Preparación del Endometrio
Para que la implantación sea exitosa, el endometrio debe alcanzar un grosor óptimo (generalmente entre 7 y 10 mm) y presentar un aspecto trilaminar visible en ecografía. Existen dos enfoques principales para la preparación endometrial:
1. Ciclo Sustituido
Este método implica el uso de medicación hormonal, principalmente estrógenos y progesterona, para controlar el ciclo menstrual de forma exógena. Esto permite sincronizar el crecimiento endometrial con el momento óptimo para la transferencia embrionaria, aumentando la probabilidad de embarazo. Es el método preferido por muchos especialistas debido a un mayor control sobre el ciclo.
2. Ciclo Natural
En este enfoque, se aprovecha el crecimiento natural del endometrio inducido por las hormonas endógenas producidas por los ovarios (estrógenos y progesterona). Este método es viable para mujeres con ciclos menstruales regulares y ovulación normal. Requiere un seguimiento ecográfico más estricto para determinar el momento exacto de la ovulación y programar la transferencia. Sus principales ventajas incluyen la ausencia o minimización de efectos secundarios de la medicación hormonal, menor desgaste emocional y un coste económico reducido.

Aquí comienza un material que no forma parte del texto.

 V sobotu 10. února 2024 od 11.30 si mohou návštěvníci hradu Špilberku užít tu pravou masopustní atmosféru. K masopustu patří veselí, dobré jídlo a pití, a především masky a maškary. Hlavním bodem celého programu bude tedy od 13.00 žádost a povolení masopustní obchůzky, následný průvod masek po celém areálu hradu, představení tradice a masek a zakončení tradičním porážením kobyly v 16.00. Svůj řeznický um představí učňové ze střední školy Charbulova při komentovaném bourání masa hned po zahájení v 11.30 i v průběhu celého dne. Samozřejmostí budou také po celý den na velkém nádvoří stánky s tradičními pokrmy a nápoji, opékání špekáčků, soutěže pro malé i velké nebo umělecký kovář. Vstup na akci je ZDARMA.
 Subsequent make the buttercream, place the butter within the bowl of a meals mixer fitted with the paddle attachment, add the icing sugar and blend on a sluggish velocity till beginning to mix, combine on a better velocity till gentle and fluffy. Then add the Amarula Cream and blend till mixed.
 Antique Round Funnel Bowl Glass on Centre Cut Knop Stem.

La elección entre ciclo sustituido y ciclo natural dependerá de las características individuales de cada paciente, incluyendo la regularidad de sus ciclos, la reserva ovárica y la experiencia del equipo médico. En general, la tasa de éxito de la transferencia de embriones congelados es similar en ambos tipos de ciclo.

Cancelación de una Transferencia de Embriones Congelados
Incluso en el caso de embriones congelados, la transferencia puede ser cancelada. Los motivos principales incluyen:
- Fallo en la preparación endometrial: Si el endometrio no alcanza las características adecuadas, la transferencia no se realizará.

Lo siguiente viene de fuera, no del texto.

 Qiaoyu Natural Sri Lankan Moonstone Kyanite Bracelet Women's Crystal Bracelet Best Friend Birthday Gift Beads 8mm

- Los embriones vitrificados no sobreviven al proceso de descongelación: Aunque la tasa de supervivencia es alta (95-99%), este evento, aunque poco frecuente, puede ocurrir.
La transferencia embrionaria en tratamientos como la ovodonación también puede ser cancelada por complicaciones en la preparación endometrial o, en casos de transferencia en fresco, por falta de sincronía entre los ciclos de donante y receptora.

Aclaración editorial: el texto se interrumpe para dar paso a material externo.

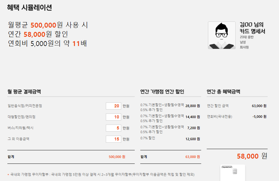 다음은 현대카드 홈페이지에서 제공하는 혜택 시뮬레이션입니다. 다만 조심히 봐야 할 부분은 결제금액은 월평균이며, 할인 금액은 연간 할인 금액이기 때문에 꼼꼼히 살펴보셔야 합니다.
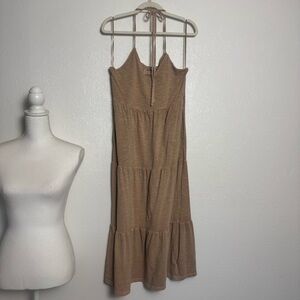 Chic tan maxi dress with tiered design. Halter tie neck. Open back. Perfect for casual outings. Size small. Cotton blend. Measurements laying flat are approximately Chest- 22 Length-24 (from chest)
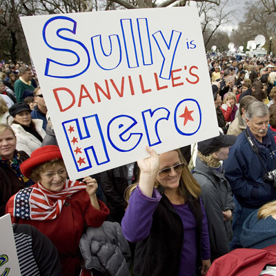 Burnim pljeskom i ovacijama, građani su pozdravili izlazak Sullenbergera na improviziranu pozornicu, nakon nastupa dvaju orkestara i jednog gajdaša, te govora lokalnih dužnosnika i njegove uplakane supruge Lorrie.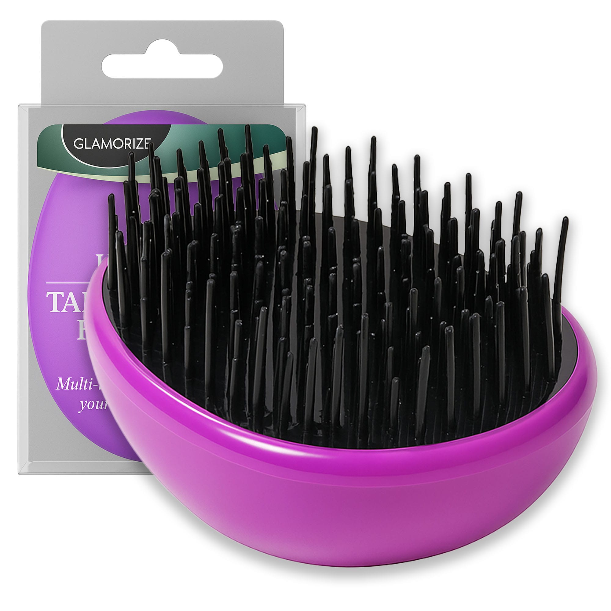Owalna szczotka do włosów z elastycznymi ząbkami fioletowa
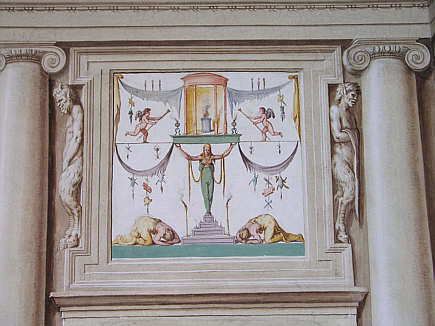 Fresken von Gualtiero Padovana Wandfeld mit Grotesken-Malerei auf weißem Grund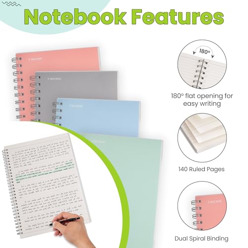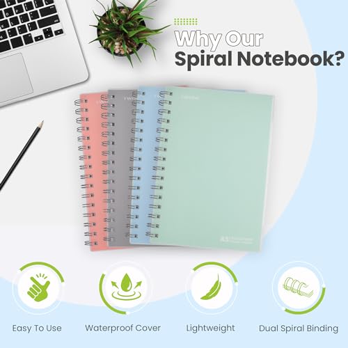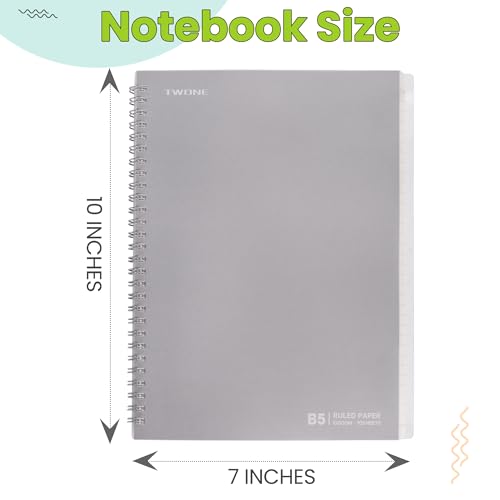 Specification: TWONE Spiral Notebook, 7″x10″, 140 line Ruled Pages, Waterproof Frosted PP Cover, Gray, Ideal for School, Office, and Personal Use

Destino de los Embriones Criopreservados en España
La legislación española contempla diversas opciones para el destino de los embriones criopreservados, buscando adaptarse a las decisiones personales y criterios médicos y legales:
- Conservación para uso propio: Permite a las parejas o mujeres solteras conservar los embriones hasta el fin de su vida fértil (aproximadamente a los 50 años).
- Donación a otras parejas con fines reproductivos: Los embriones pueden ser donados a otras personas que necesiten recurrir a esta técnica.
- Donación a la investigación científica: Existe la posibilidad de donar los embriones para avanzar en el conocimiento científico.
- Cese de la conservación: Esta opción solo es aplicable si dos especialistas externos al centro lo avalan y existe un informe clínico que justifique la decisión.
Tomar la decisión sobre el destino de los embriones congelados puede ser emocionalmente complejo. El vínculo afectivo puede ser fuerte, y el proceso de aceptación puede requerir tiempo, reflexión y apoyo profesional. Técnicas como la vitrificación permiten la conservación de embriones durante muchos años, ofreciendo un margen amplio para tomar una decisión informada.

Es fundamental mantener una comunicación fluida con el centro de reproducción asistida para confirmar periódicamente la decisión sobre la conservación de los embriones y asumir los costes asociados.